Ekmek, toprak ve sevgi arınsın kandan.”
S. Sezer
Yazar Olacağım
Kars’tan geldik ağabey. Gelmez olaydık. Bizimkiler, kentin taşı toprağı altın, derlerdi. Başımıza bu iş gelince, biz de… Ben o zaman çocuktum. Aklım ermezdi. Gerçekten altın sanırdım. Oturur uzun uzun düş kurardım. Altından evler düşünürdüm. Nerde?.. Altın bir yana, toprak bile yok. Her yan boz beton. Birbirinin önünü kesen, gölgeleyen, üstten bakan yapılar. Uzak uzak dağlar. Silik soluk, tozlanmış otlaklar. Diriliğini yitirmiş, örselenmiş, pörsümüş çiçekler… Bizim ora insanının gururu, onuru kendinden büyüktür. Aç kalsın, susuz kalsın, acı çeksin, işkence görsün; ama onuruna dokunulmasın, aşağılanmasın. İşte o zaman gözü kararır. Başına iş açar. Bizimki de o hesap… Aslında hepsi yokluktan, yoksulluktan. Bilgisizlikten, işsizlikten.
Aşsız, işsiz insan ne yapar ağabey? Ninem, zenginlik seviştirir, yoksulluk dövüştürür, der. Boş duran insan, boşa düşer. Düşünür kara kara. En küçük bir sözü, yan bakışı sorun yapar. Büyütür de büyütür. Babam içeri düşünce annem toplayıp geldi bizi. Su değerine verdik elimizdekileri. Alıp başımızı… Bir yıl ne yapacağımızı bilemedik. Çevreyi bilmiyoruz, kimseyi tanımıyoruz. Hazıra dağ olsa dayanmaz, derler. Biz de bir süre sonra… Annem oturdu ağladı. – Eşek kadar adam oldunuz, gidin çalışın, dedi. Çalışalım dedik. Nerede, nasıl? Ha deyince iş mi var? Bir tanıdığın aracılığıyla bulaşıkçı girdim. Nasıl tutulur, nasıl yapılır bilemiyordum. Kırdım döktüm bir süre. Kızdılar, aşağıladılar. Haftalığımdan kestiler.

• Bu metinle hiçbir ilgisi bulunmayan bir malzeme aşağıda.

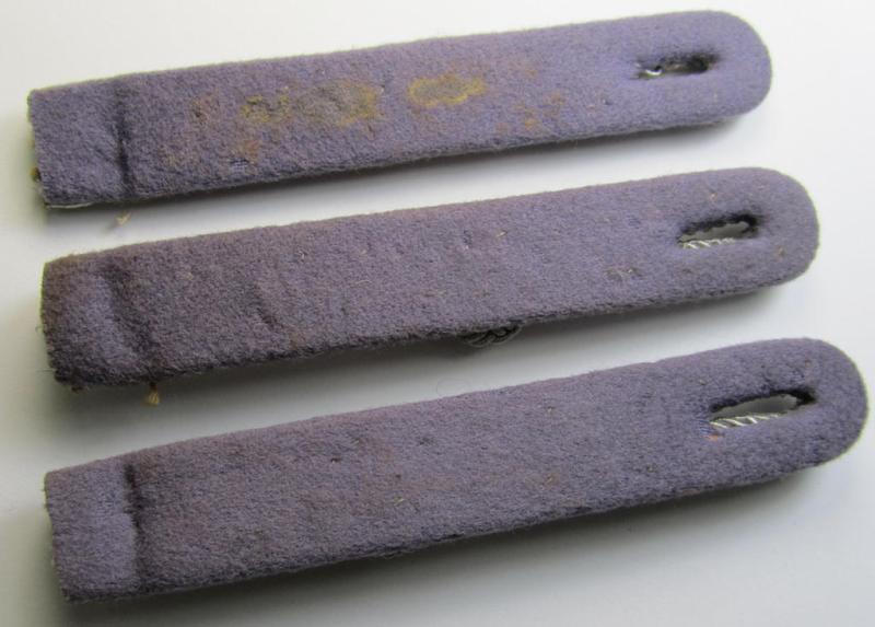 This is an Interesting - and actually not that often found! - three-pieced shoulderboard-grouping comprising of three single, 'Luftschutz' (ie. RLB-related) officers'-pattern shoulderboards ('Schulterstucke für Offiziere des Reichs-Luftschutz-Bundes') as specifically intended for usage by: 'RLB'-officers respectively holding the ranks of: 'Luftschutzführer' (comparable with a 'Leutnant'-rank) upto 'Luftschutz-Hauptführer' (comparable with a: 'Hauptmann'-rank) and that come all three in an overall nice- (ie. I deem just moderately used- and/or carefully tunic-removed-), condition. The neat boards - which are all three of the pre- (ie. early-war-) pattern and that all three show some minimal staining and/or age but that are void of any real damage - are constructed from the (typical) lilac-purple-coloured- and/or smooth-type wool (as to be expected). The boards are of the specific pattern that was used on the RLB-tunics before (and throughout) the war. The three boards are respectively for a: 'Luftschutzführer', a: 'Luftschutz-Oberführer' and a: 'Luftschutz-Hauptführer'. Simply an attractive - and actually not that often seen! - 'Luftschutz' (ie. RLB-related-) officers'-pattern shoulderboard-grouping: too bad that it only deals with single specimen and not pairs!

Burada yaşamak, ortama uymak, uyum sağlamak zor. Küçümseyip itiyorlar. Olmadık şeyler söylüyorlar. Bak ağabey. Ben ortaokuldan ayrıldım. Derslerim çok iyiydi. Öğretmenlerim severdi. Birçok şeyi onlardan iyi biliyorum. Okulu bıraktım; ama okumayı bırakmadım. Haftalığımın bir bölümüyle kitap alıyorum. Kızıyor annem. Siz kazandıklarınızı ya kâğıda ya çaputa veriyorsunuz, der. O nedenle gizli saklı okuyorum. Öğretmenim sağ olsun! Okumayı sevdirmese… Ne zaman sıkılsam, ne zaman içim daralsa okuyorum. Ne anlıyorsun bu kitaplardan, diyorlar. Bunlar karın doyurmaz. Gözlerine yazık… Ne yapsınlar, okumamışlar. Okumanın tadını bilmiyorlar.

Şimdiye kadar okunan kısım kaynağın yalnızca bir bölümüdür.